Com quem você preferiria se identificar? Hitler, Stalin, Margaret Thatcher ou Gandhi?

Há alguns anos eu havia feito o teste abaixo, e me lembrava mais ou menos do resultado. Porém, embora tivesse procurado, não encontrava mais o site. Até que essa semana encontrei aqui.

A bússola politica é um gráfico que mostra sua orientação “ideológica” baseada num questionário com várias sentenças, com as quais você concorda ou não.

Os eixos do gráfico consideram o posicionamento sobre a economia no eixo horizontal (mais controlado à esquerda, e mais liberal à direita), e a dimensão social no eixo vertical (mais libertário para baixo, mais autoritário para cima).

Meu resultado

Minha orientação política

Meu resultado na bússola política diz que sou libertário de esquerda

Tenho quase certeza que da outra vez tinha dado mais pro centro que pra esquerda, mas tudo bem. Provavelmente a diferença apareceu em sentenças como…
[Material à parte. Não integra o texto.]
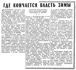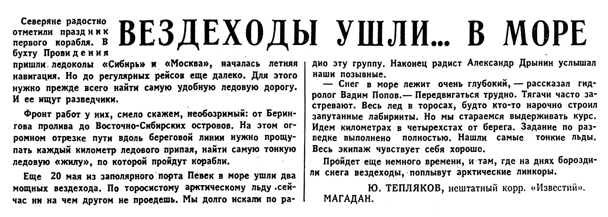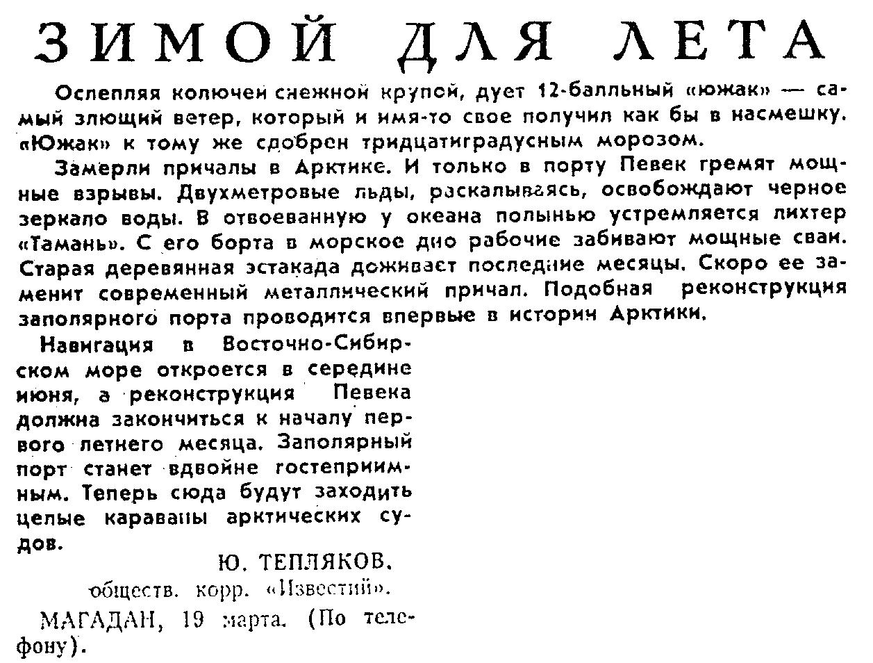 На четверо суток раньше прошлогоднего срока горняки Билибинских приисков Колымского края, строители радостно встретили первые суда: «Иман», «Башкирнефть», «Кировсклес» и другие. Население Колымы получило разнообразные продукты питания, строители — массу необходимых материалов и оборудования.

Se a globalização económica é inevitável, ela deve servir a humanidade e não os interesses das corporações transnacionais.

Com a qual eu “concordo plenamente” (pra usar a expressão do teste), hoje.

Agora explicando a pergunta inicial do post, veja o quadro abaixo, e compare com o meu resultado.

Pelo texto, eu estaria mais próximo do Gandhi. Bom!

Cenário político atual

Muita gente fala que ideologia e orientação política não existe mais. Bons argumentos para isso não faltam:

  • O PSDB, nascido de centro-esquerda, aliou-se ao PFL, depois DEM, e toda a herança da extrema direita nacional.
  • O Partido dos Trabalhadores (PT), outrora símbolo máximo da esquerda do país, aliou-se ao Partido Liberal (PL – que depois da aliança com o PRONA virou PR – Partido da República), para finalmente assumir o Governo Federal.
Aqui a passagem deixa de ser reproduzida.